[BUG] Incorrect charges from Sire to RDKit conversion
Describe the bug Converting some molecules from Sire to RDKit results in some strange formal charges and bonded structure. For example, the following molecule:
becomes (formal charges labelled):
This only happens if loading from a format which lacks bond-order information (eg. prmtop). Loading from an sdf, for example, works fine.
To Reproduce Steps to reproduce the behavior:
mol1 = sr.load('input.inpcrd','input.prmtop')[0]

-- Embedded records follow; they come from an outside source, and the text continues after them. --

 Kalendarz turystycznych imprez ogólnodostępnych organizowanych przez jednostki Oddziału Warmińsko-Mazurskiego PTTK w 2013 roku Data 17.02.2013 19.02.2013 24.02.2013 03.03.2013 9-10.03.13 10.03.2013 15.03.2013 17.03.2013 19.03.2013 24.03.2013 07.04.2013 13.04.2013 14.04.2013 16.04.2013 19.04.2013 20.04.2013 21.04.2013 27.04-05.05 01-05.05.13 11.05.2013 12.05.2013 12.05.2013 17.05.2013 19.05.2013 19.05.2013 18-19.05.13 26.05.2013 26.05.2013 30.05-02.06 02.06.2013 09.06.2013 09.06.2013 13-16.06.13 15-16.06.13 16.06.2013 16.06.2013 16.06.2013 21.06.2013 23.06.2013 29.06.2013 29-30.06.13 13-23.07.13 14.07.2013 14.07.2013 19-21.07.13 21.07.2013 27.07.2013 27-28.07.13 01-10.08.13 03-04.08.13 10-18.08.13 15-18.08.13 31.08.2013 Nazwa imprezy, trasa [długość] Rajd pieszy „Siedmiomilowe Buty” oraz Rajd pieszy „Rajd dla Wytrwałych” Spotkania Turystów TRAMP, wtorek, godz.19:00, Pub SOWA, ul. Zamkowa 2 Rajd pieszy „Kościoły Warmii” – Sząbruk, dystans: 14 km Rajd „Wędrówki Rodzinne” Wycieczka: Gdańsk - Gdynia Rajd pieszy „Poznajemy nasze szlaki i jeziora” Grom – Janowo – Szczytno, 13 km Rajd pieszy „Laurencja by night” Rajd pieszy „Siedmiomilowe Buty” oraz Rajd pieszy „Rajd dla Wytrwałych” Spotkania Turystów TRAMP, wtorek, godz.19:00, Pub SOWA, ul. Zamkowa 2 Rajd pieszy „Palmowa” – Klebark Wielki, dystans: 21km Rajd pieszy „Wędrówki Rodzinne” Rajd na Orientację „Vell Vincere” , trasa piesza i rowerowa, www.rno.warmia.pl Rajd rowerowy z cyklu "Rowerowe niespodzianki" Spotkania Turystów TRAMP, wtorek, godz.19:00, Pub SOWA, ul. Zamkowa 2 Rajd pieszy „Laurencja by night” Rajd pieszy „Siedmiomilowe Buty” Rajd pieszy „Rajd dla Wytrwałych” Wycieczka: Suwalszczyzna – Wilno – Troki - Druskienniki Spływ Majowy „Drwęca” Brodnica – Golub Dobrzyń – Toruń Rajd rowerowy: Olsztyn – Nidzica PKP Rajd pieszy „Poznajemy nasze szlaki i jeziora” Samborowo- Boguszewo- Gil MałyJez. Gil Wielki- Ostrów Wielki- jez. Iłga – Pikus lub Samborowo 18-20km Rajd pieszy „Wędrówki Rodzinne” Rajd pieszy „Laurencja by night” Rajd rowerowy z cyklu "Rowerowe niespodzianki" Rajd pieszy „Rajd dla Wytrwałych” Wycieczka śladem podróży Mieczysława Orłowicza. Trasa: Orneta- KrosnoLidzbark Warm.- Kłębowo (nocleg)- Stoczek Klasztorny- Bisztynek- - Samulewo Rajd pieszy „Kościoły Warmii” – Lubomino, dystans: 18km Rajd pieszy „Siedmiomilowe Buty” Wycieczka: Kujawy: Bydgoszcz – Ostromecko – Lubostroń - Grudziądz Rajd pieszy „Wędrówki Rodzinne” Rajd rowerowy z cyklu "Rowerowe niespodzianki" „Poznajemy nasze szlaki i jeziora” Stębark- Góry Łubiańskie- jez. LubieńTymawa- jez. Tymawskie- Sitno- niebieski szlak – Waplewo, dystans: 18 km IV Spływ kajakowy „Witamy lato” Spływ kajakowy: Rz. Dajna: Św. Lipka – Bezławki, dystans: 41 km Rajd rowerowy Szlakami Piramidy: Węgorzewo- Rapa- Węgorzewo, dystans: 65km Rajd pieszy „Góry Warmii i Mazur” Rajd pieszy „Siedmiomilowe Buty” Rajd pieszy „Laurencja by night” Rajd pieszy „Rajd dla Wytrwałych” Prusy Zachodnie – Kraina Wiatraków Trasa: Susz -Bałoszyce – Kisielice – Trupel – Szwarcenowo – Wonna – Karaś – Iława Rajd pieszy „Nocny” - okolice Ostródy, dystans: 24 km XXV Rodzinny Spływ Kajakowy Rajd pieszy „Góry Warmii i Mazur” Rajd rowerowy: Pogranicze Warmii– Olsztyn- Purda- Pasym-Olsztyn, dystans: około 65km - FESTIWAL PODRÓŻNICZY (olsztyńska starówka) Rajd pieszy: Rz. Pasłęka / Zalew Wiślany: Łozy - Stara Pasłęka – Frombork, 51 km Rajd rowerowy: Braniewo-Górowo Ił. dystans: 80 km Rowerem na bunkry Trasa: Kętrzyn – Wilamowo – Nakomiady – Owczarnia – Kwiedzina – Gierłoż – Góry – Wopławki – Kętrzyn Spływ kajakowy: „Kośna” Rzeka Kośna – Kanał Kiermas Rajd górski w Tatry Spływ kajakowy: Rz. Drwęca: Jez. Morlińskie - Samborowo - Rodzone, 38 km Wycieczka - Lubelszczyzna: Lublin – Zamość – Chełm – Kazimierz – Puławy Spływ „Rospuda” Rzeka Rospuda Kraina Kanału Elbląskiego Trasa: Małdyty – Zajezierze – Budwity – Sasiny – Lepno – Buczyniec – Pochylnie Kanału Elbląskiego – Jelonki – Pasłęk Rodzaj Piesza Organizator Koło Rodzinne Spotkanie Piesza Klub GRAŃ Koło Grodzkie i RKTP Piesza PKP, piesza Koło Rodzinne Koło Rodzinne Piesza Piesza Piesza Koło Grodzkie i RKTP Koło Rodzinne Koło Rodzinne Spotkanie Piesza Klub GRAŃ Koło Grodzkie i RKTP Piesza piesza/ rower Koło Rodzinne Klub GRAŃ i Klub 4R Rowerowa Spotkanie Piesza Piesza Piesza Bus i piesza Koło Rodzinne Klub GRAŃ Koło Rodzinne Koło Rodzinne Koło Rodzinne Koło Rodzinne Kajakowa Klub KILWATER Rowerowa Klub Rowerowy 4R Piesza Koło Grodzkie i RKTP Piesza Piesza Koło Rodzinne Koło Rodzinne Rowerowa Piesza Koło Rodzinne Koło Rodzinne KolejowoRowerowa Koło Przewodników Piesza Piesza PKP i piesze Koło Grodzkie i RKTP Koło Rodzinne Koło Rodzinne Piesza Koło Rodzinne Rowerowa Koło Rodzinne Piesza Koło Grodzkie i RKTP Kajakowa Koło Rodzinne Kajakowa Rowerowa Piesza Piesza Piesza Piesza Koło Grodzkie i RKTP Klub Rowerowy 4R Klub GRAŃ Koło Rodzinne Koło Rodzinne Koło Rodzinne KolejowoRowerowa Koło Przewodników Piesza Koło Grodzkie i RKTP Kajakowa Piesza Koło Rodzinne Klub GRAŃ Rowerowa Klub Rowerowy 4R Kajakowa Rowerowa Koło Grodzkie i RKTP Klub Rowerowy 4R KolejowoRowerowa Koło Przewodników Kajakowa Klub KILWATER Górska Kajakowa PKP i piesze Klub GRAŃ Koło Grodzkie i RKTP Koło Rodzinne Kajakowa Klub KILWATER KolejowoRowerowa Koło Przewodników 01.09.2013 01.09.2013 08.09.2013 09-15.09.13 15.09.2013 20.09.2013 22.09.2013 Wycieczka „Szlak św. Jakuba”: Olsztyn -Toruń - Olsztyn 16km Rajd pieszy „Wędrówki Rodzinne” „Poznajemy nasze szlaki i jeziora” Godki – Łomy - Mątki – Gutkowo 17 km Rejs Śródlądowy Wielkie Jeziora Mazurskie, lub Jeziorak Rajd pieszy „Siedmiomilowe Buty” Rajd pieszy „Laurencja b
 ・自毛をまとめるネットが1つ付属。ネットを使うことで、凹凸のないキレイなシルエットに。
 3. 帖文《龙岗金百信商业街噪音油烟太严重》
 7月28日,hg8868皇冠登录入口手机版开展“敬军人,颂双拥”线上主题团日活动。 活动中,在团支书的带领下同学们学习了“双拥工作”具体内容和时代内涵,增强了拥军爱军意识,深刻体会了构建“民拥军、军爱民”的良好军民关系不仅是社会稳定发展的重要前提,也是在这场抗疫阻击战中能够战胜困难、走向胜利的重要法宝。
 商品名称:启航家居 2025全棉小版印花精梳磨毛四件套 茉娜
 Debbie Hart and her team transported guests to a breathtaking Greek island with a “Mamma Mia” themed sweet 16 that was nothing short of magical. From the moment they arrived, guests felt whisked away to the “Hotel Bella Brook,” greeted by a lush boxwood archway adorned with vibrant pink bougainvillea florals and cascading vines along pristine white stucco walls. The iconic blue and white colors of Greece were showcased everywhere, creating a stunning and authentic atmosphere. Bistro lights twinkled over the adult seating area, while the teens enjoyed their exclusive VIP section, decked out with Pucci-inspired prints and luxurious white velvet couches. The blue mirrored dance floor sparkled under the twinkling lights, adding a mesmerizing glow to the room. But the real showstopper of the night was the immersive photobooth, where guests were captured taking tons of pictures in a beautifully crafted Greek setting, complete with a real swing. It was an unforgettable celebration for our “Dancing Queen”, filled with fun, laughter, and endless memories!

rdmol1 = sr.convert.to_rdkit(mol1)
for atom in rdmol1.GetAtoms():
print(atom.GetFormalCharge())
mol2 = sr.load('input.sdf')
rdmol1 = sr.convert.to_rdkit(mol2)
for atom in rdmol2.GetAtoms():
print(atom.GetFormalCharge())
I'm not sure what the ideal solution would be, as the information about the correct structure isn't available. Possibly there could be some way to flag unlikely groups like carbanions?
In the absence of stereochemistry, the converter uses an inference routine based on one from MDAnalysis. This works well in many cases, but clearly isn't ideal for everything. I'll take a look at your example tomorrow in case there is a bug somewhere. There have been a few subtle issues in the past.
I also think the fallback relies on appropriate 3D coordinates, so might not work as intended for structures that aren't well minimised.
I just checked, and I get the same result when I minimise the molecule first
Thanks for the update. I've tried using some of the RDKit stereochemistry inference routines, but those fail to assign the correct formal charges too. I'll take a look at some of the sanitization options to see if disabling any helps in this case.